1954: First screening of the “Dambusters” film based on the book which immortalised Wallis and the crews of 617 Squadron. Wallis’s next project is a supersonic bomber called “Swallow”. Ground runs on the rail trolley are made at Predannack.

1955: First flight of Swallow.

1957: The Sandys Defence White Paper leads to major cuts in the Armed Forces and Swallow is cancelled.

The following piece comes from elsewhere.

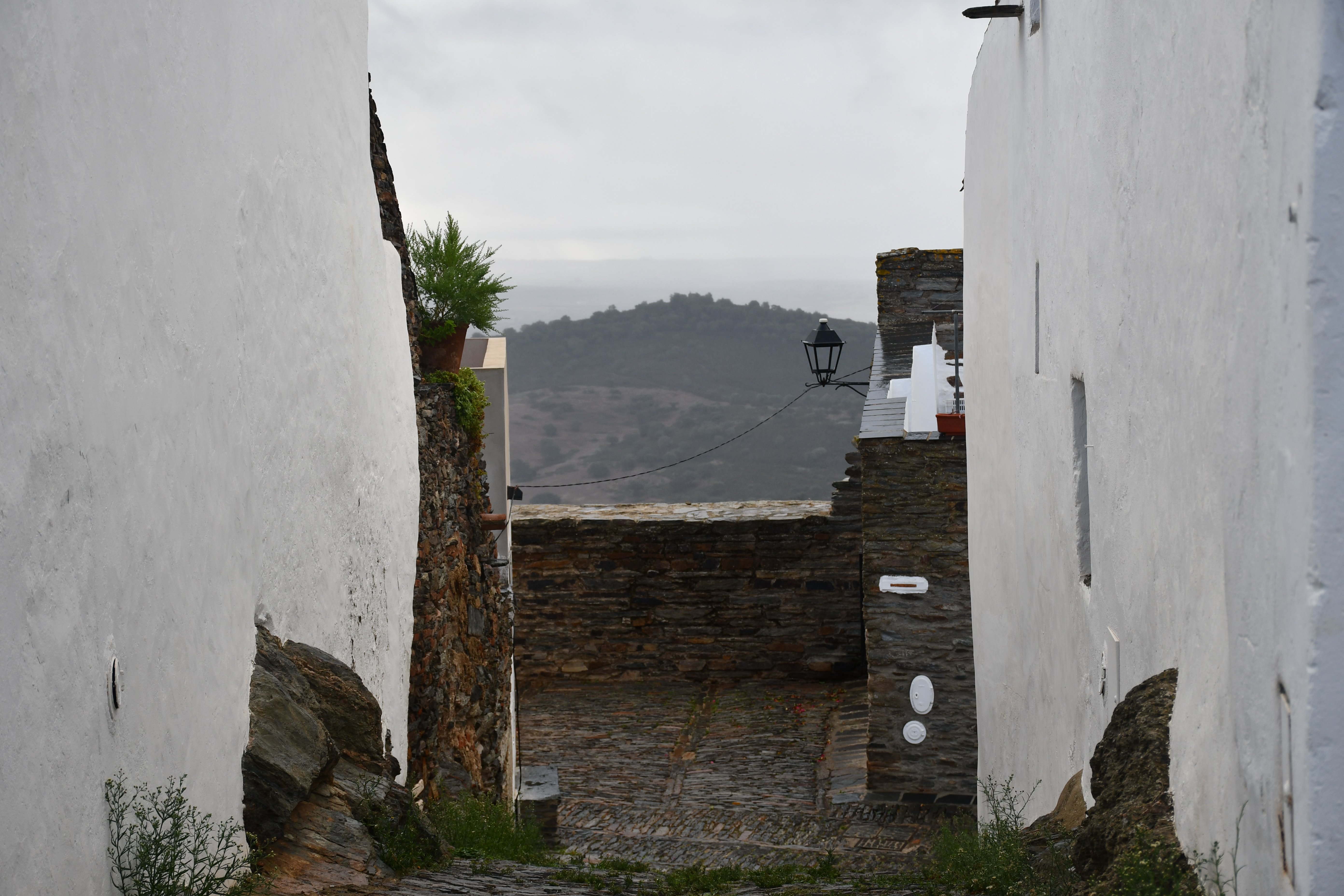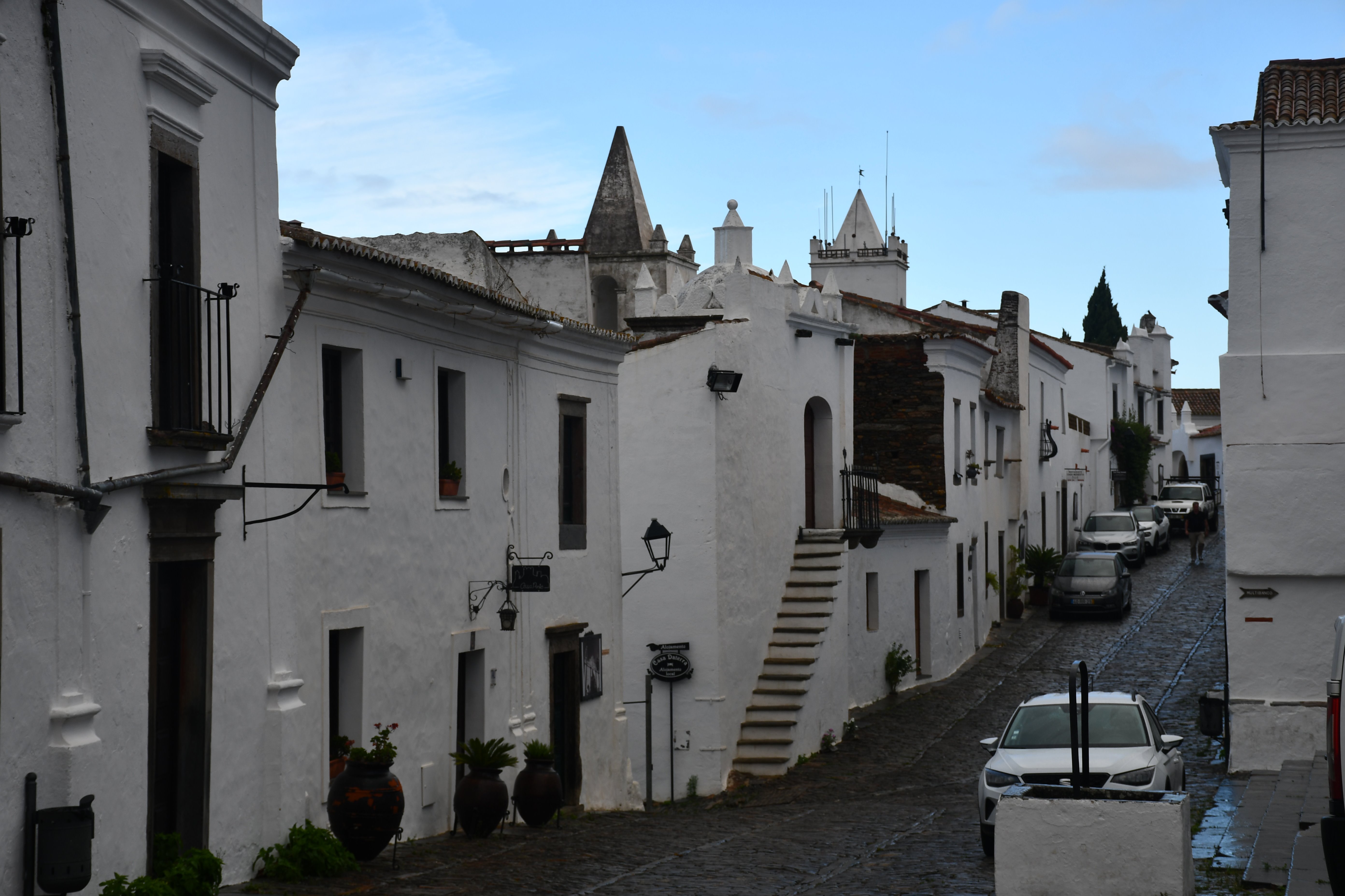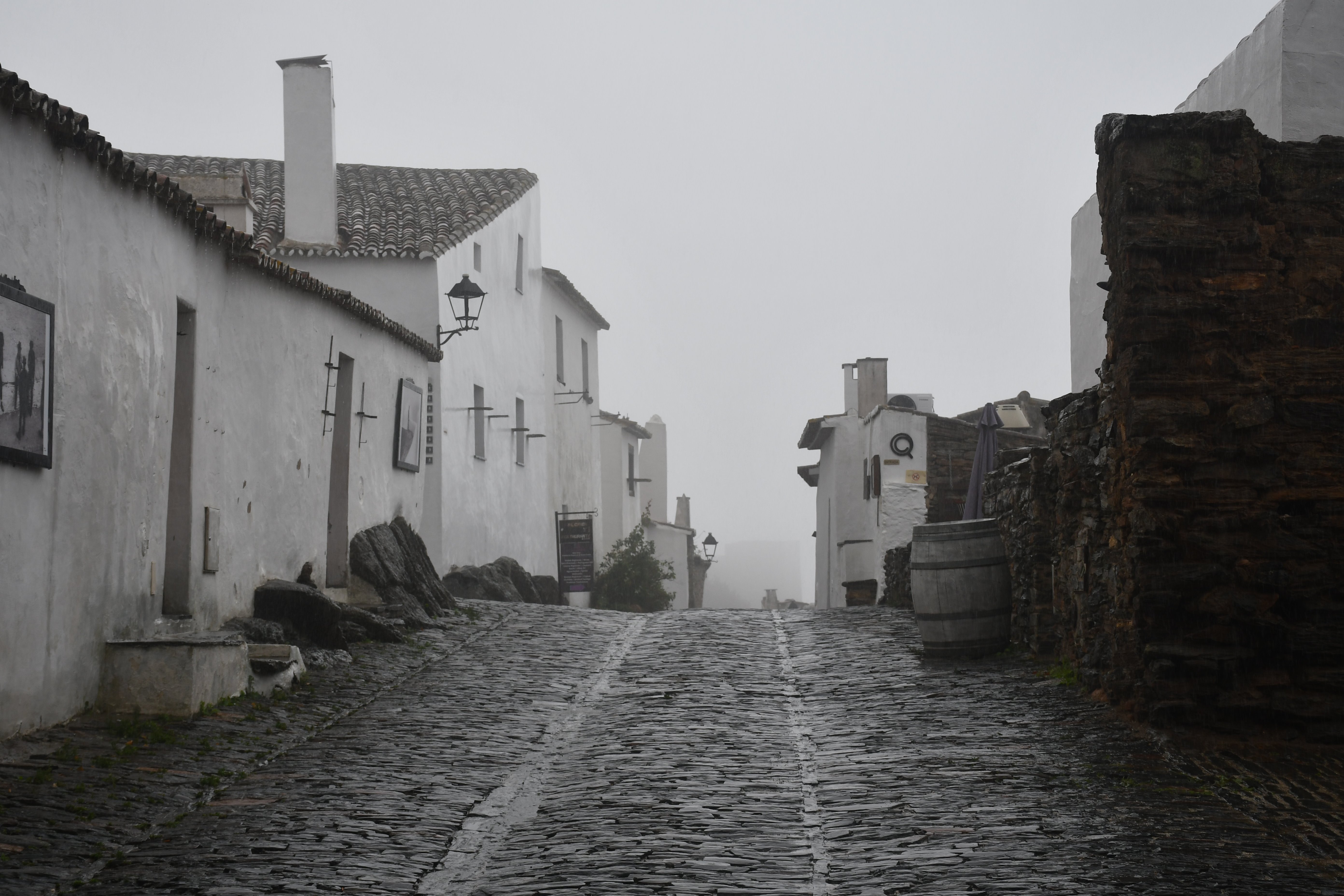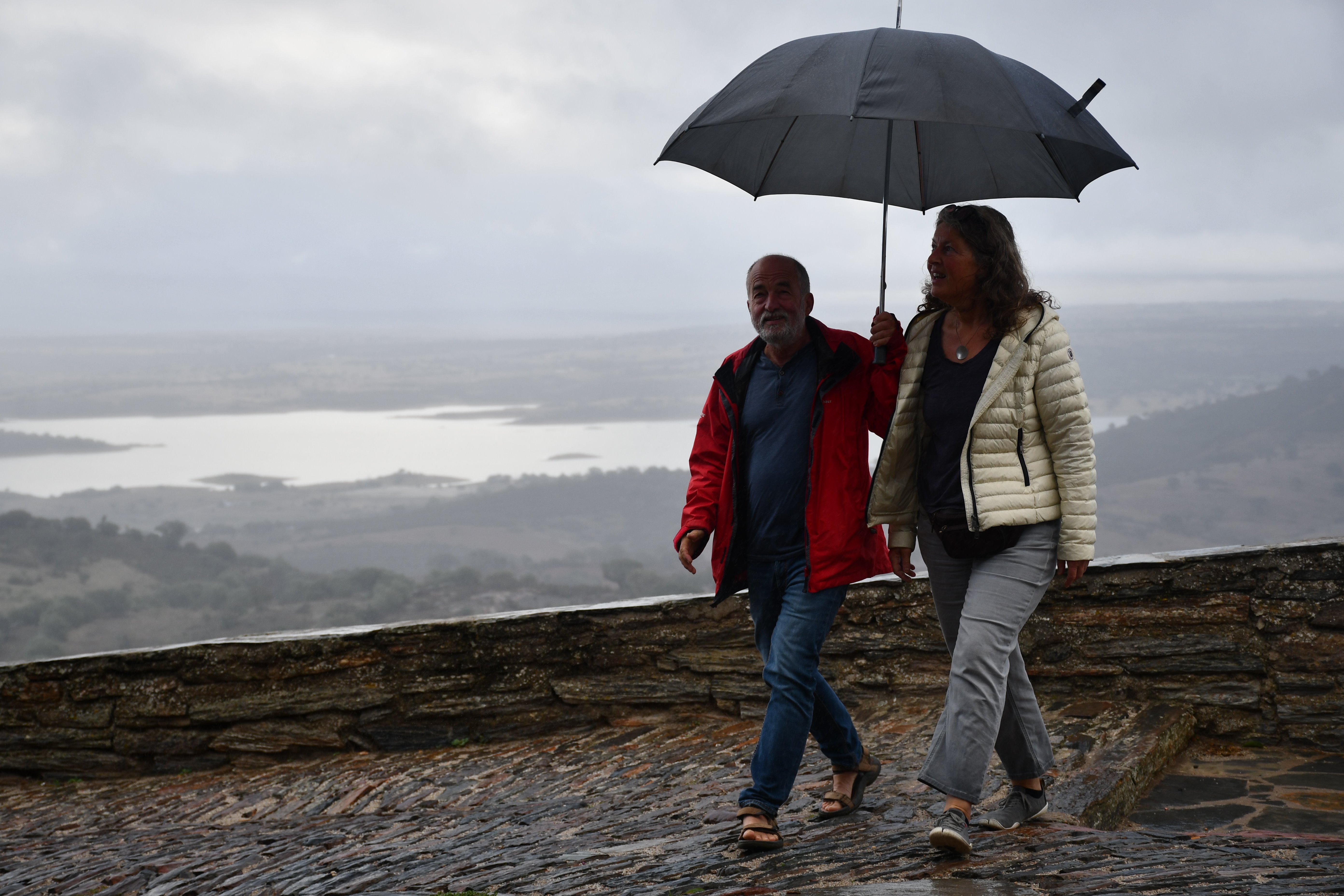 [Monchique, 18.10.2023] Sinn uns Zweck der nächtlichen Platzwahl ist der Besuch von Monzaraz, einem winzigen Örtchen auf einer Hügelkuppe, inklusive Burg und Stadtmauer. Kleine Gässchen mit alten Häusern laden zum schlendern ein. Einzig das Wetter macht uns einen halben Strich durch die Rechnung, immer wieder setzen die Wolken zu sintflutartigen Regenfällen ein weshalb wir hier uns da Unterschlupf suchen müssen. Der erste Vorgeschmack auf ein in Portugal seltenes Wetterphänomen, zumindest im Süden: Dauerregen.

1960: He produces a new design for an “all-speed” aircraft with a top speed of Mach 4-5. Much of this work leads on to the TSR-2 and Concorde projects although he was not directly involved.

1961: Barnes Wallis’s designs help build a large radio telescope in New South Wales, Australia, the Parkes Telescope.

1965: He proposes a fast, deep-diving submarine, which he said, would avoid detection by surface ships. Wallis’s ideas covered many engineering fields and he worked on the redesign of cooling towers after there had been a collapse at the new Ferrybridge power station.

1968: Wallis is knighted by H.M. Queen Elizabeth the Second.

1971: He retires from British Aircraft Corporation, but continues with aircraft design at home.

When and Where did he Die?

30th October 1979, Leatherhead Hospital, Leatherhead, Surrey, England of heart failure.

Age at Death:

92.

Marriage:

23rd April 1925 to Molly Bloxham who was 18 years his junior at St Luke’s Church, Hempstead.

Site of Grave:

St. Lawrence Church, Effingham, Surrey next to his wife.
Wallis is in the South-East corner of the Churchyard between the Vestry and the Old Vicarage. His headstone has an airship and an aircraft on it. Wallis was once Secretary of the Parochial Church Council for this church.

Places of Interest:

LINCOLNSHIRE:

Petwood Hotel, Woodhall Spa has a small museum about 617 Squadron.

LONDON:

RAF Museum London, Grahame Park Way, London, NW9 5LL.
Science Museum Library holds his papers, South Kensington.

NOTTINGHAMSHIRE:

Newark (Notts & Lincs) Air Museum Ltd, Drove Lane, Newark, Notts, NG24 2NY.

SURREY:

Brooklands Museum, Brooklands, Weybridge.
Lived at White Hill House, Beech Avenue, Effingham.

YORKSHIRE:

Yorkshire Air Museum, Halifax Way, Elvington, York.
Barnes Wallis Inn, Station Road, North Howden, Near Goole, has Wallis memorabilia.